Biomolecules play a crucial role in metabolism, serving as
substrates
Catalysts
regulators of cellular processes.
Metabolism is essential for sustaining life, as it provides the energy needed for cellular activities and facilitates the growth and maintenance of organisms.
Types of metabolism:
Anabolism:
Building complex molecules from simpler ones.
Requires energy input.
Examples: protein synthesis and the formation of cell structures.
Catabolism:
Breaking down complex molecules into simpler ones.
Releases energy.
Examples: cellular respiration and the digestion of food.
Metabolic Pathways:
Series of interconnected chemical reactions that occur within a cell to convert substrates into products, often involving multiple enzymes.
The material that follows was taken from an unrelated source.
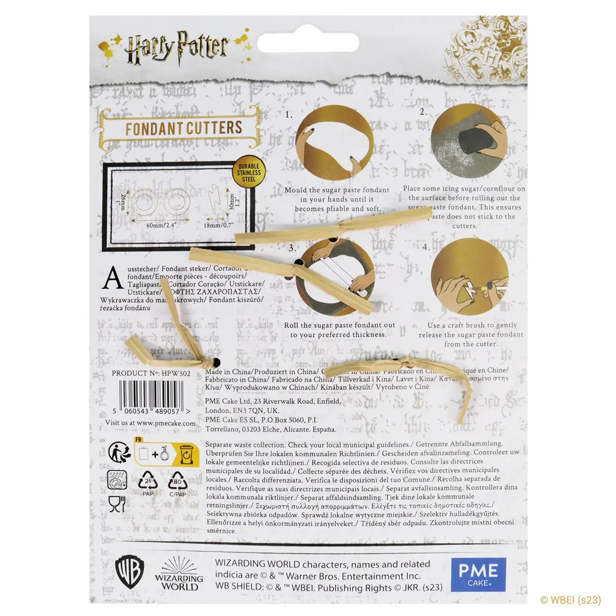 Ausstecher 1: Harry Potter Brille (62 x 27mm). Ausstecher 2: Harry Potter Blitznarbe (35 x 13mm).

Metabolic pathways are interconnected, allowing the flow of molecules between them.
Metabolites serve as intermediates shared among different pathways.
Catabolic Pathways:
Break down complex molecules into simpler ones.
Release energy, often in the form of ATP.
Example: Cellular respiration.
Anabolic Pathways:
Build complex molecules from simpler ones.
Consume energy, often in the form of ATP.
Example: Protein synthesis.
Central Metabolic Pathways:
Core pathways are shared by many organisms.
Include glycolysis, the Krebs cycle, and oxidative phosphorylation.
Activation Energy:
Activation energy: the energy required to initiate a chemical reaction and start the conversion of reactants into products.
Represents the energy hurdle that molecules must overcome for a reaction to occur.
Factors affecting activation energy:
Catalysts: They lower the activation energy by providing an alternative reaction pathway.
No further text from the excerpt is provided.